▶ [Exercise] Exactly as written, reproduce the lines from the beginning of the data through the line containing "Beim $210 Bounty"; the pictures are not reproduced.

======== Listed entries ========

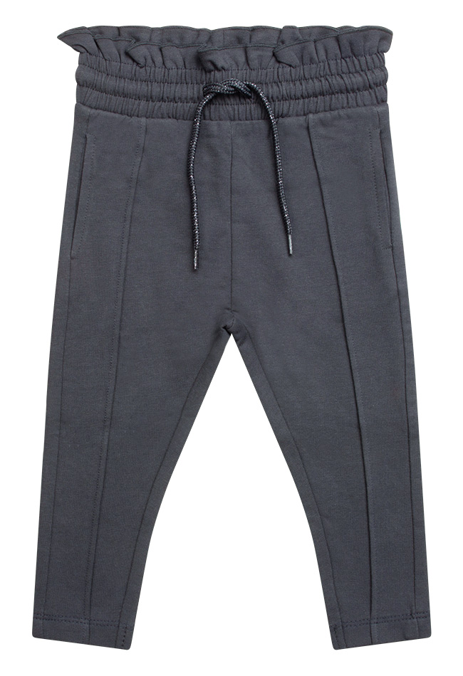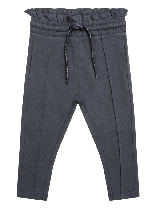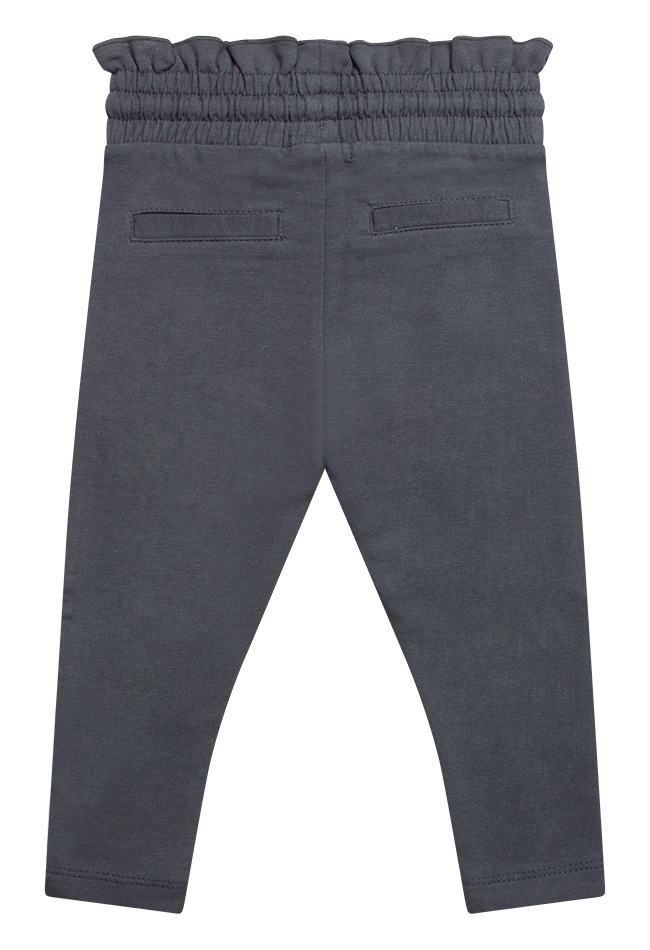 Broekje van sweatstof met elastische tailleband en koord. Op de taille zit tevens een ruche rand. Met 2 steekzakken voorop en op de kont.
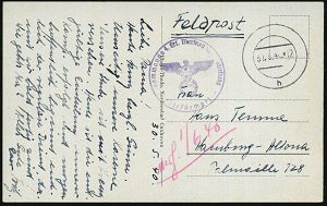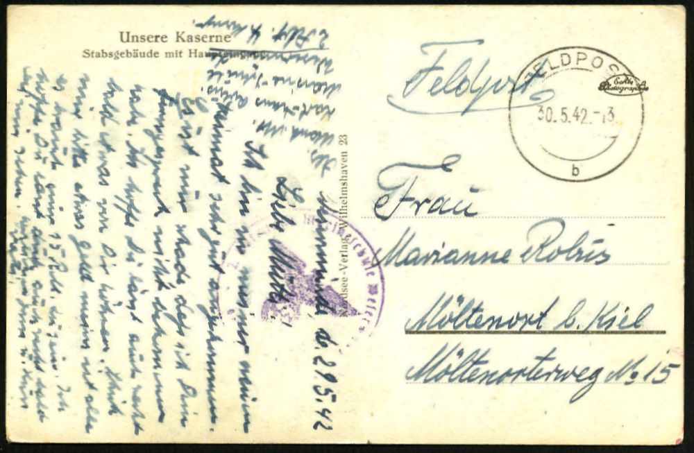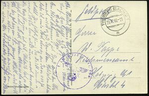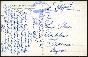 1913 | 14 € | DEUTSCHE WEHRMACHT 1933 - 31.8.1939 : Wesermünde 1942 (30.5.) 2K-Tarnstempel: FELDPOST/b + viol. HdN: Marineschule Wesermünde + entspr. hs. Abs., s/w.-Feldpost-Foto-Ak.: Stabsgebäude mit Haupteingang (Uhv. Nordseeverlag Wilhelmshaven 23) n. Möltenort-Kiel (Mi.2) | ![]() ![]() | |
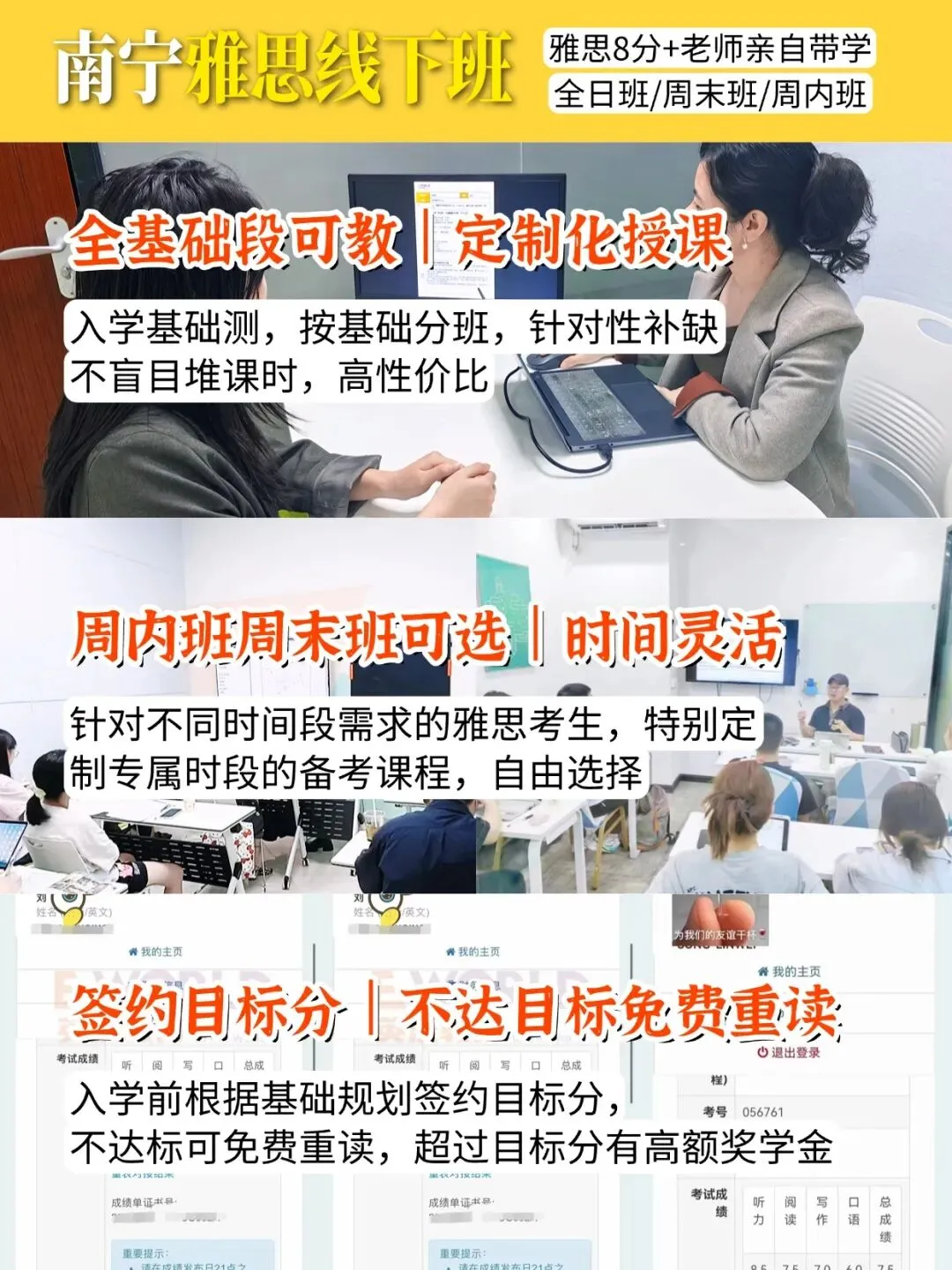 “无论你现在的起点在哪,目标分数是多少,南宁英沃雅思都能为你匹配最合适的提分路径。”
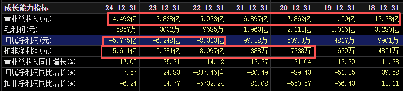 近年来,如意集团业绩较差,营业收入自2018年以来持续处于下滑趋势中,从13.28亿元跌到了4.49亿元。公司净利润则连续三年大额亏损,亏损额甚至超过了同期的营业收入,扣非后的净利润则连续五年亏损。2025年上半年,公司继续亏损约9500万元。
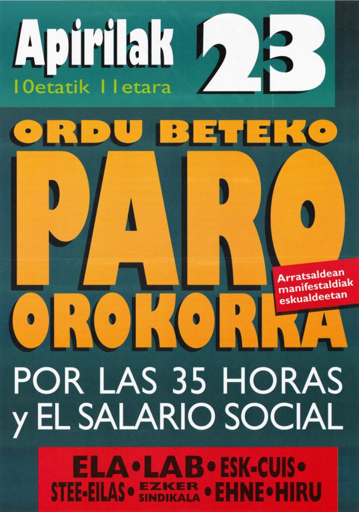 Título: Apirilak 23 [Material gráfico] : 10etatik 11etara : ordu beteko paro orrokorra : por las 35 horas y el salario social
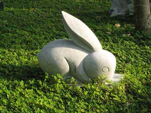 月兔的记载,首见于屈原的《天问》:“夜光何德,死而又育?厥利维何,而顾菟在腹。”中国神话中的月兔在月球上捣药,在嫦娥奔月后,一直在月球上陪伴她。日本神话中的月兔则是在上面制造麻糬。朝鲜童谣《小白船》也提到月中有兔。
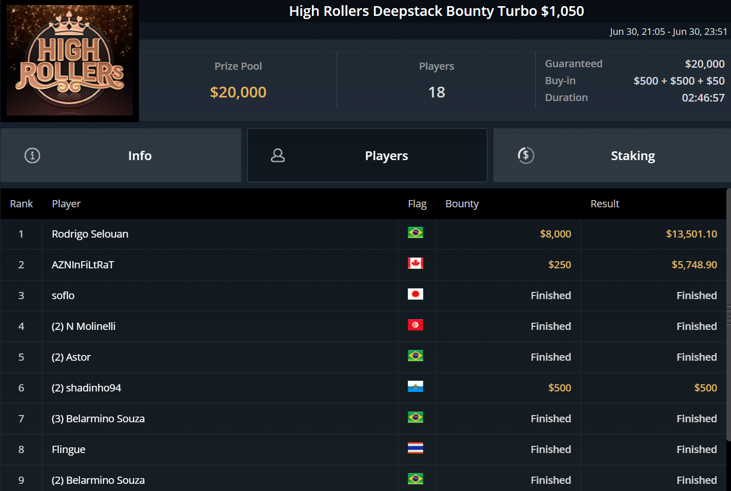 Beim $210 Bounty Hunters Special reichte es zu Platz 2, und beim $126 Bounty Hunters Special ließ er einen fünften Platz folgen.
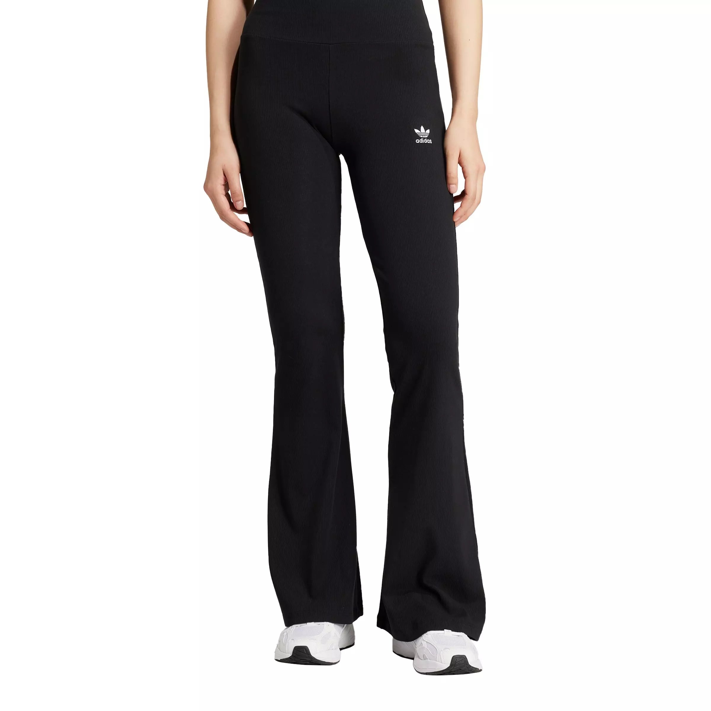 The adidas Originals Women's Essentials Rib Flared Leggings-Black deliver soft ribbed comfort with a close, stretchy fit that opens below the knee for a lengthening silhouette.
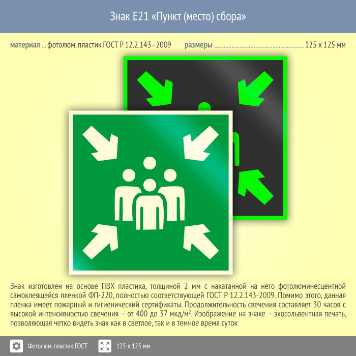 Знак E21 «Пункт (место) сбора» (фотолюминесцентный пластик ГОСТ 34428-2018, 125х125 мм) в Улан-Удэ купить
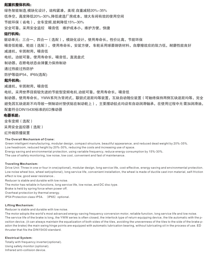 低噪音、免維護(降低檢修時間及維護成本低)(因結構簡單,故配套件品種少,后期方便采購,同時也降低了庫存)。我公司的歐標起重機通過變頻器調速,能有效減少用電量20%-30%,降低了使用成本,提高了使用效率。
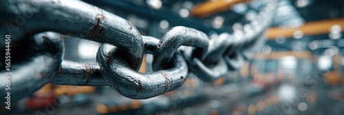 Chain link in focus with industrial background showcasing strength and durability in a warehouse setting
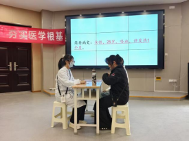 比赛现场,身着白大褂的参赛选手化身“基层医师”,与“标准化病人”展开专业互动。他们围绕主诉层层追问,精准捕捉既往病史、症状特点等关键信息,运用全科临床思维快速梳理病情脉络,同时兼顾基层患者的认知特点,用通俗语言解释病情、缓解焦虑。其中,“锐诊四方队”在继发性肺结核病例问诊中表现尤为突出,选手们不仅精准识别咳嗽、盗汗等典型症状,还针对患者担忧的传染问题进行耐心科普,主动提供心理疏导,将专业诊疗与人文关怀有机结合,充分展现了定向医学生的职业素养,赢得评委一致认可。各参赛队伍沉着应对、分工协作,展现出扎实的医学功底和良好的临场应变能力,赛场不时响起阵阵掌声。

========

▶ [Response]
 Broekje van sweatstof met elastische tailleband en koord. Op de taille zit tevens een ruche rand. Met 2 steekzakken voorop en op de kont.
 1913 | 14 € | DEUTSCHE WEHRMACHT 1933 - 31.8.1939 : Wesermünde 1942 (30.5.) 2K-Tarnstempel: FELDPOST/b + viol. HdN: Marineschule Wesermünde + entspr. hs. Abs., s/w.-Feldpost-Foto-Ak.: Stabsgebäude mit Haupteingang (Uhv. Nordseeverlag Wilhelmshaven 23) n. Möltenort-Kiel (Mi.2) | ![]() ![]() | |
 “无论你现在的起点在哪,目标分数是多少,南宁英沃雅思都能为你匹配最合适的提分路径。”
 近年来,如意集团业绩较差,营业收入自2018年以来持续处于下滑趋势中,从13.28亿元跌到了4.49亿元。公司净利润则连续三年大额亏损,亏损额甚至超过了同期的营业收入,扣非后的净利润则连续五年亏损。2025年上半年,公司继续亏损约9500万元。
 Título: Apirilak 23 [Material gráfico] : 10etatik 11etara : ordu beteko paro orrokorra : por las 35 horas y el salario social
 月兔的记载,首见于屈原的《天问》:“夜光何德,死而又育?厥利维何,而顾菟在腹。”中国神话中的月兔在月球上捣药,在嫦娥奔月后,一直在月球上陪伴她。日本神话中的月兔则是在上面制造麻糬。朝鲜童谣《小白船》也提到月中有兔。
 Beim $210 Bounty Hunters Special reichte es zu Platz 2, und beim $126 Bounty Hunters Special ließ er einen fünften Platz folgen.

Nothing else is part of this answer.